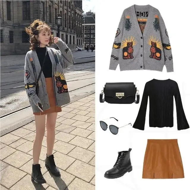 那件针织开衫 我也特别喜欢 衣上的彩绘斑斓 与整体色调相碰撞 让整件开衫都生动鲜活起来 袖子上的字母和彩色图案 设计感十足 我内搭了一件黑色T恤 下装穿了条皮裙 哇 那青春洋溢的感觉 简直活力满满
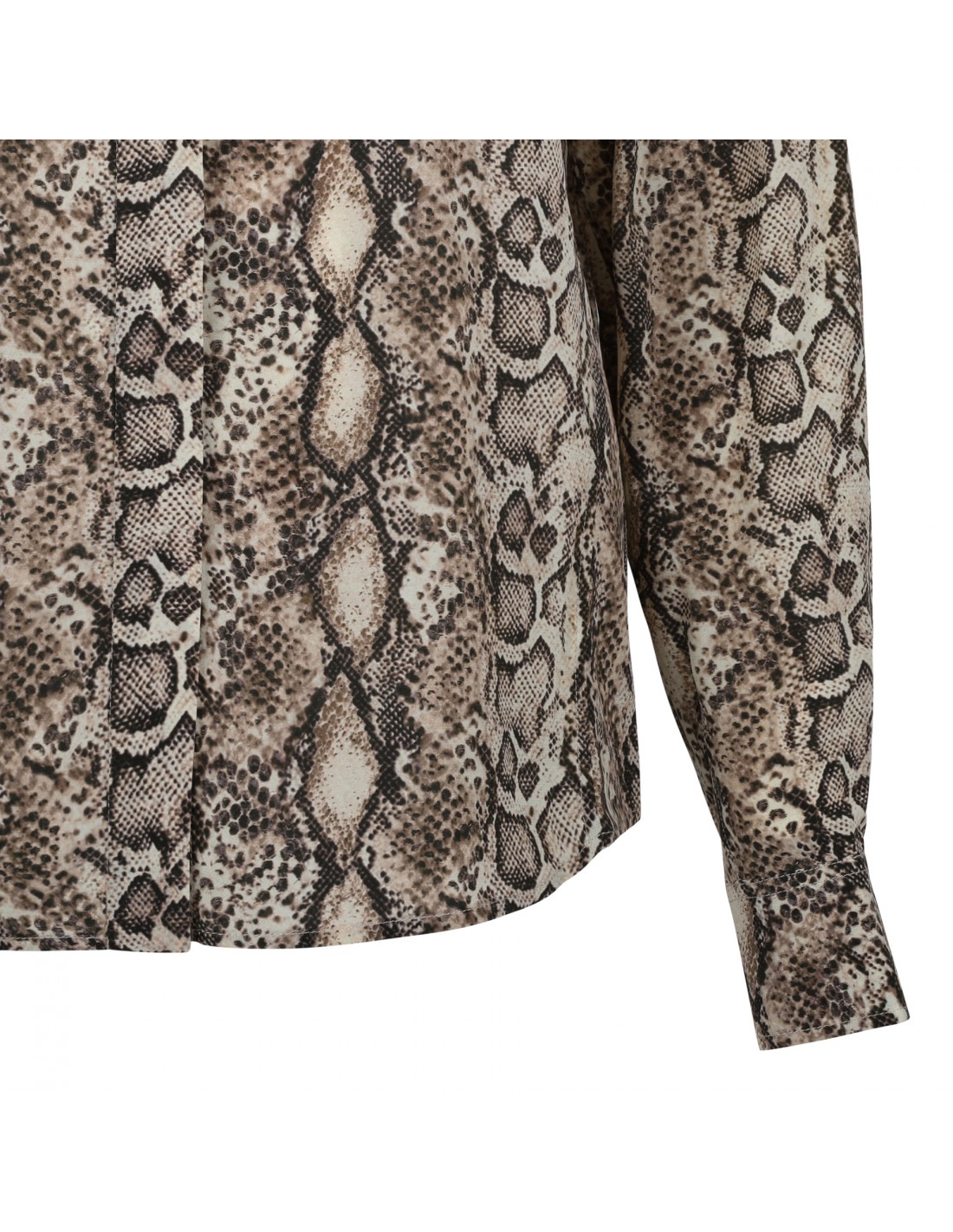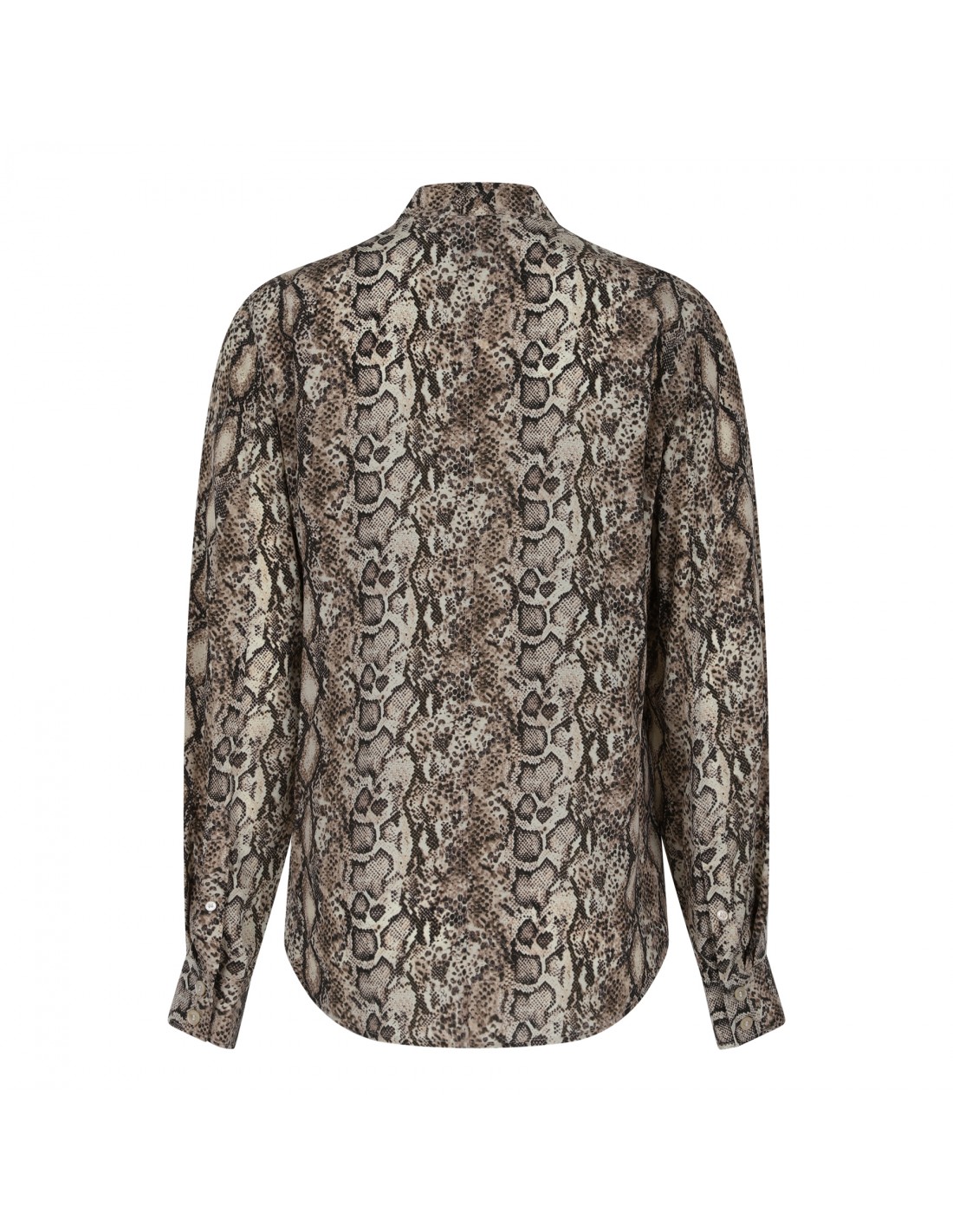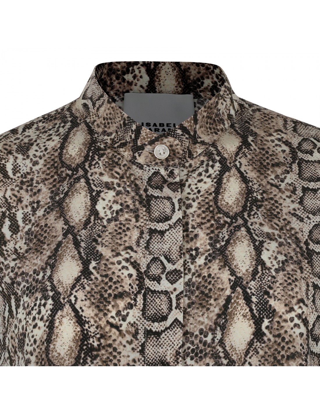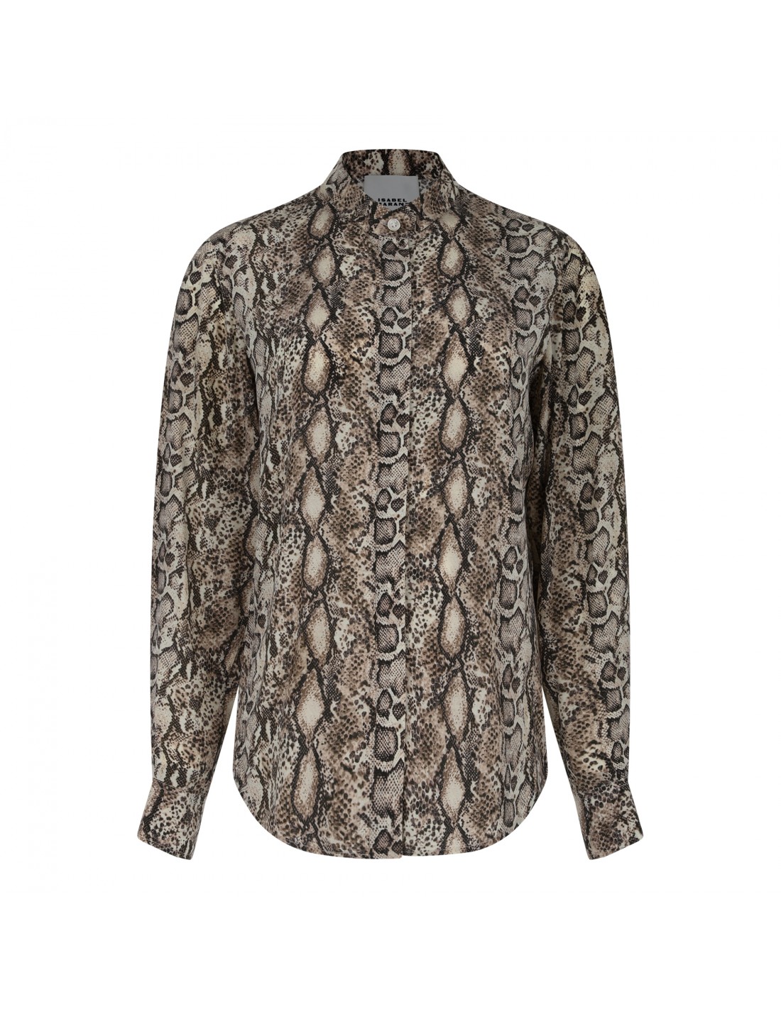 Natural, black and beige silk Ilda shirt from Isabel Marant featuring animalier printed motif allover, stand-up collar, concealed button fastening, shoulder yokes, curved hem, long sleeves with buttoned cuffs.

==

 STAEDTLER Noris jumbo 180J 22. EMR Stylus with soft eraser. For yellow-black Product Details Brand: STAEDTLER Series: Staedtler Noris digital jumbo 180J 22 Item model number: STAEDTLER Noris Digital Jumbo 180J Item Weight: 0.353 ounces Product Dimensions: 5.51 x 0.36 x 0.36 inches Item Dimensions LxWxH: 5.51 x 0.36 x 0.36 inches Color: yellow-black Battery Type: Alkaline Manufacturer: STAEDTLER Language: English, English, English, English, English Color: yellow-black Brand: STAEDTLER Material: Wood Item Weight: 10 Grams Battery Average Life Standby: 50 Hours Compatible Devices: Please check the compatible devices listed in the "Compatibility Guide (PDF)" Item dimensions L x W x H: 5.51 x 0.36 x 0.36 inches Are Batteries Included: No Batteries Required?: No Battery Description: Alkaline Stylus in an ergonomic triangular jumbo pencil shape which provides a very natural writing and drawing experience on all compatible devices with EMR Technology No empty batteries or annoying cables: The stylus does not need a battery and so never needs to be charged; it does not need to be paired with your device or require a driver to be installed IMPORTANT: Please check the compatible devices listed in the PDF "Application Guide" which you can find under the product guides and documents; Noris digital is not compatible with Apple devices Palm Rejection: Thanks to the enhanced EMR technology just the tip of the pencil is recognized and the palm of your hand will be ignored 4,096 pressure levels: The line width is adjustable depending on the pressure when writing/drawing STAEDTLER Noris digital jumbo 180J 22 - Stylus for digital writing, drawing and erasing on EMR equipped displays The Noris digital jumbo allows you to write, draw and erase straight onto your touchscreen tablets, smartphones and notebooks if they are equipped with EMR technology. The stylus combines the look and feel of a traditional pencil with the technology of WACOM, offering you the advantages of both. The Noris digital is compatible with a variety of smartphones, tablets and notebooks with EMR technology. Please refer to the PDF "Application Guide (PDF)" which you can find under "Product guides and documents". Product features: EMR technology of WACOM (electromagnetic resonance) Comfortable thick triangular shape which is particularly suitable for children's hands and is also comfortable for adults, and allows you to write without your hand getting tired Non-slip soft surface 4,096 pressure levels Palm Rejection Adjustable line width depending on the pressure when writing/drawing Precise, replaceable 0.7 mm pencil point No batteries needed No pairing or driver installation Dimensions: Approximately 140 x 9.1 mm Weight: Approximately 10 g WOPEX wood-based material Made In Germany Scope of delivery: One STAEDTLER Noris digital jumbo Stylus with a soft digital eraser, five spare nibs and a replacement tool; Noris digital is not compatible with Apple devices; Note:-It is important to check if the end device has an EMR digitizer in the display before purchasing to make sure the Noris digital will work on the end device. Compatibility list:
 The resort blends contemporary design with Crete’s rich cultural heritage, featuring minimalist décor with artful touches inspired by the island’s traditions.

WORK REQUIRED →
Extract, without any images, the part of the material above that opens with the line containing "那件针织开衫 我也特别喜欢 衣上的彩绘斑斓" and closes with the line containing "Natural, black and", both lines included.

EXERCISE RESULT →
 那件针织开衫 我也特别喜欢 衣上的彩绘斑斓 与整体色调相碰撞 让整件开衫都生动鲜活起来 袖子上的字母和彩色图案 设计感十足 我内搭了一件黑色T恤 下装穿了条皮裙 哇 那青春洋溢的感觉 简直活力满满
 Natural, black and beige silk Ilda shirt from Isabel Marant featuring animalier printed motif allover, stand-up collar, concealed button fastening, shoulder yokes, curved hem, long sleeves with buttoned cuffs.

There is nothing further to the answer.